**WHAT TO DO**
Before copying, set aside the pictures; then restate exactly the lines from the one with "Faculty of Mathematical Sciences" through the last line of the records.

**Collection entries**
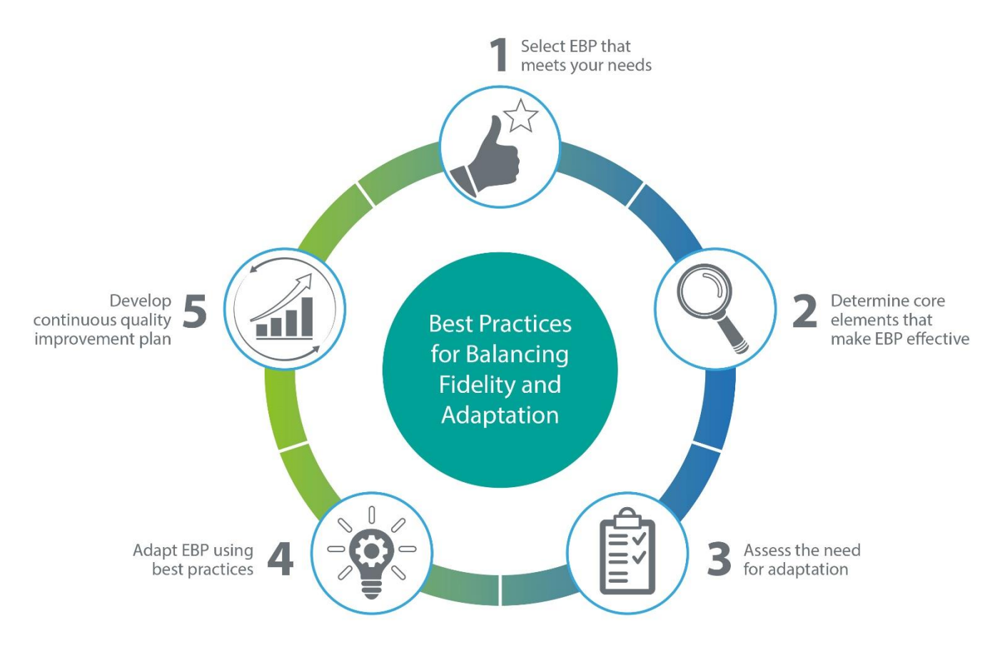
Figure 1. This model outlines strategies that organizations delivering evidence-based programming (EBP) can use to assure they are staying true to the program's core elements while also meeting the needs of their community.
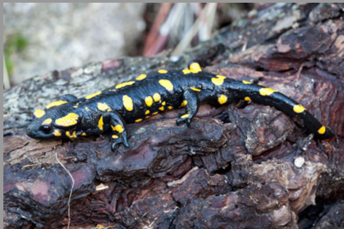
Salamandra salamandra bejarae

The next day, I left to France, but in the evening, I planned a short stop in the east part of Gredos for Salamandra salamandra bejarae , in a place where I spotted some larvae a few years ago. Still under the rain, I found quickly 7 big salamanders, very similar, on a small path. A nice end !
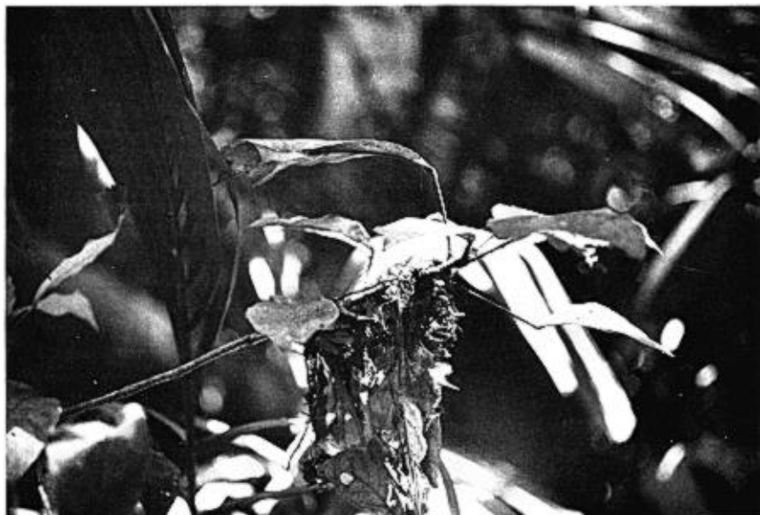
FIG. 1. Long-tailed Manakin nest from Finca Jiménez, Guanacaste Province, Costa Rica. Note roofing provided by adjacent leaves and camouflaging leaves hanging vertically from the rim and underside of the nest.
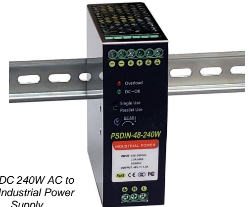
48VDC 240W AC to DC Industrial Power Supply
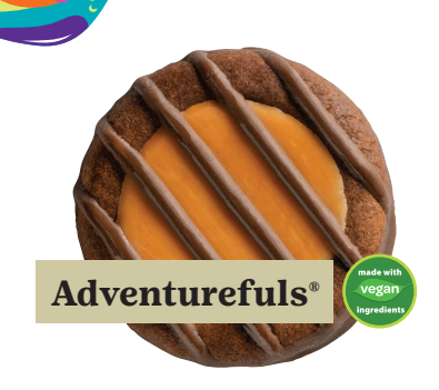
Indulgent brownie-inspired cookies with caramel flavored crème and a hint of sea salt
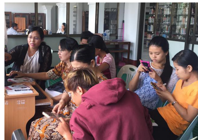
Hpa-An University students learning to use their new eTekkatho library on desktop and mobile devices.
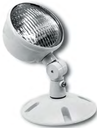
DIMENSIONS: 4-1/2" x 6-7/8"
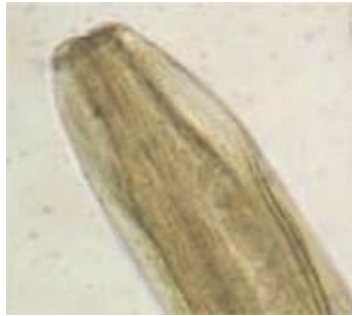
Fig. 5. Setaria equina - head end of immature female has a peri buccal ring with two crescentic prominences
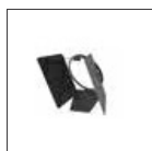
Adjustable dowsers M059910
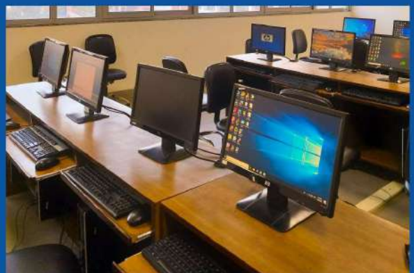
Faculty of Mathematical Sciences
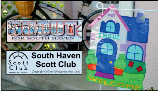
The 29 th Annual South Haven Cottage Walk June 27 | Presented by SHOUT and The Scott Club

**RESULT FOR THIS TASK**
Faculty of Mathematical Sciences
The 29 th Annual South Haven Cottage Walk June 27 | Presented by SHOUT and The Scott Club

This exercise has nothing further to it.